Porcine reproductive and respiratory syndrome virus (PRRSV) has a single stranded RNA genome which makes it highly prone to genetic mutation. This also makes every PRRSV strain unique, so that genetic typing is a useful method for disease diagnosis and control. Diagnostic genetic typing is made by determining the order of nucleotides within a DNA copy of the viral RNA genome fragment – DNA sequencing. Today the most often used fragment for this purpose is ORF5, the gene encoding the major envelope glycoprotein, mainly because it shows extensive genetic diversity.
Diagnostic DNA sequencing
Discrimination between PRRSV Type 1 (European) and Type 2 (American) is easy to accomplish by most diagnostic PCR assays. Discrimination between individual strains from each of the two genotypes requires DNA sequencing. To do this, body fluid or tissue with moderate to high amounts of PRRSV are treated to isolate RNA, that is then copied to DNA by reverse transcription, and the ORF5 gene is amplified by PCR, and submitted to a DNA sequencing facility. This process is mostly automatic and generally takes one to three days. The raw sequence data files are sent to the diagnostic laboratory for analysis. The report typically includes the nucleotide sequence of the strain, its similarity to standard vaccine strains, and some laboratories provide comparison to a standard reference panel of wild type PRRSV isolates in a form of dendrogram, or comparison to a production system’s PRRSV sequence database.
Analysis of PRRSV sequences
Sequence similarity, or identity, is determined by aligning two or more sequences using a computer program. An example alignment of several ORF5 sequences from 5 different farms is shown in Figure 1. Pairwise comparisons of their percent identity is shown in the Table. The identities range from 81.2 to 99.8 %. The dendrogram resulting from the phylogenetic analysis shows grouping of the similar sequences (Figure 2). A key question for producers and veterinarians is whether the observed genetic differences between the sequences represent normal variation of a single PRRSV strain in a farm, or represent multiple different strains present in a farm.

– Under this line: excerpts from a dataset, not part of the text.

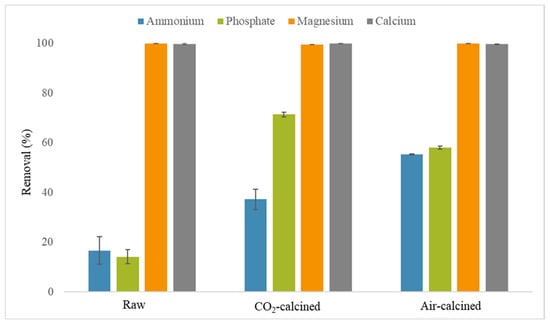The batch test experiment using raw dolomite resulted in an ammonium removal rate of approximately 17% (Figure 2). When CO2-calcined dolomite was used, the ammonium removal rate increased to approximately 37%, whereas, when air-calcined dolomite was used, the ammonium removal rate increased to approximately 55%. The removal rate of magnesium for all three conditions was approximately 100%. Conversely, the removal rates of phosphate were approximately 14%, 71%, and 58% for the raw dolomite, CO2-calcined dolomite, and air-calcined dolomite, respectively.
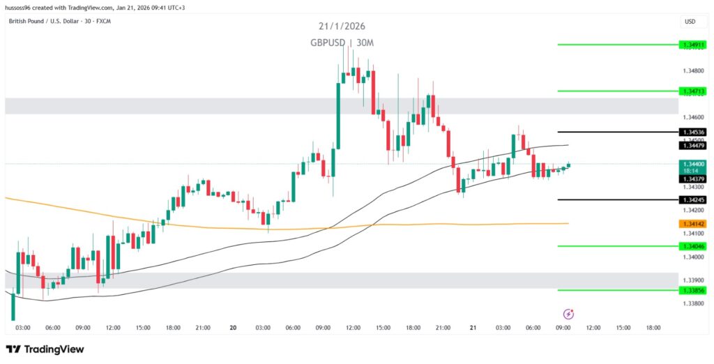 ملاحظة: الزوج يحافظ على قاع صاعد، لكن الفشل أعلى 1.3453 قد يعيد الضغط البيعي.
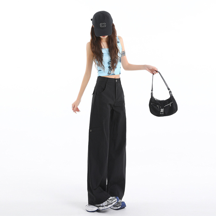 2025 여름 속건성 얇은 작업복 캐주얼 칼집 바지 여성용 아이스 실크 쿨링 충전 등산 댄스 스포츠 바지스토어 가기
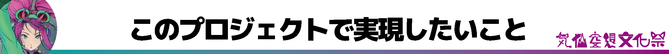 人々の空想を更に広げるコンテンツ文化(アニメ、アニメ特撮ソング、コスプレなど)を集約し、空想を主題に世代間、地域間を繋げることで気仙地域の復興を促進するためのプロジェクトです。「東北最大規模のサブカルイベント」として定着させ、年に一度の定期開催を実現化していきたいです!
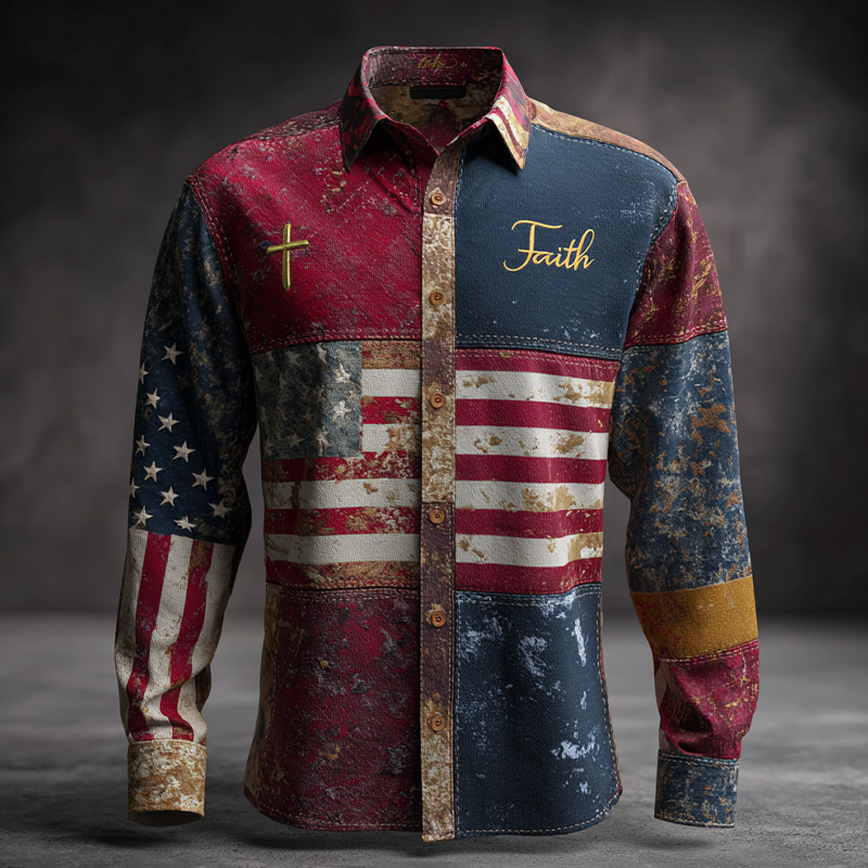 Vintage American Flag Faith Art Print Casual Shirt
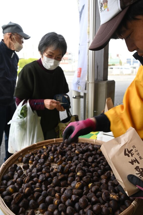 国産甘栗「作州栗」の焼き栗販売が今年も始まりました。11月8日には、真庭市のJA直売所「きらめきの里」のイベントに参加。職員が一つ一つ手作業で切り込みを入れた栗を、専用の機械で圧力をかけて販売しました。 JAは実演販売でファンをつくり、地域一体で生産者と栽培面積を増やす考えです。知名度を上げて市場出荷、生産者の所得増大、耕作放棄地対策にもつなげます。

Figure 1: Portion of the alignment of ORF5 sequences of PRRSV strains from 5 different farms. From farms 1, 4 and 5, multiple sequences were obtained. Dots in the sequences correspond to positions identical to the PRRSV Type 1 reference strain Lelystad.
Figure 2: Dendrogram of ORF5 sequences obtained in 5 different farms. Example of interpretation: In Farm 1 two unrelated strains are present. Three sequences are >99% identical to each other, whereas the fourth is only ~83 % related. Instead, it is related to Lelystad virus. The strains from Farm 2 and Farm 3 are closely related (98.2 % identical). Two strains from Farm 4 are closely related (99.5 % identical). In Farm 5 two unrelated strains are present. Three strains are >98 % identical to each other, and about 81 % identical to the fourth one.
Table: Pairwise percent identity between all the aligned ORF5 sequences of a series of type 1 PRRSV samples.
Interpretation of PRRSV sequences
The sequence of ORF5 has about 600 nucleotides. Different estimates indicate that the overall rate of mutation in this gene is about 0.5 % to 1 % per year.Variation in the rate of genetic change is determined by different non-virus factors. The level of specific and non-specific anti-PRRSV immunity in pigs has a huge impact on viral replication and transmission, exerting a strong inhibitory pressure that diminishes the number of virus copies. Lower viral loads result in reduced transmission rates, further reducing overall viral replication and decreasing the rate of change. The same virus under different host conditions may show different rates of genetic change. Thus, sometimes we can observe higher or lower rates of genetic change, outside of the suggested range of 0.5 % to 1% per year.
The central question in the genetic analysis is whether two sequences are closely related (belong to two variants of the same strain) or are independent (belong to two unrelated strains). It is commonly accepted that PRRSV isolates are related or not, based on a percent similarity cut-off of 97% or 98 %. It is obvious that blind acceptance of a 2% or 3% genetic difference between two isolates, without incorporation of additional knowledge, can lead to erroneous conclusions. The differences between the variants of a single strain circulating in a population for several years will exceed this cut-off eventually. The quality of a relationship interpretation is strengthened by access to additional information, including dates and locations of isolation. It is very important to analyze new PRRSV sequences against a broad reference set representing the farm, the system and the region, as well as representing the global genetic diversity.
The DNA sequencing of PRRSV strains can indicate close relationship or independence of the strains (Figure 2) but cannot be used to predict or explain immunological protection or PRRS outbreaks in immune herds. Also, DNA sequencing does not allow prediction of clinical outcome of infection with a given strain, since genetic markers of virulence have not been identified.
At present, many regional PRRS control or elimination projects are underway, mostly in North America but also in Europe. A comprehensive picture of viral variation at the beginning of control and elimination projects is critical for effective monitoring of progress and effectiveness of implementation procedures, and for identification of new virus introductions to farms and to the region.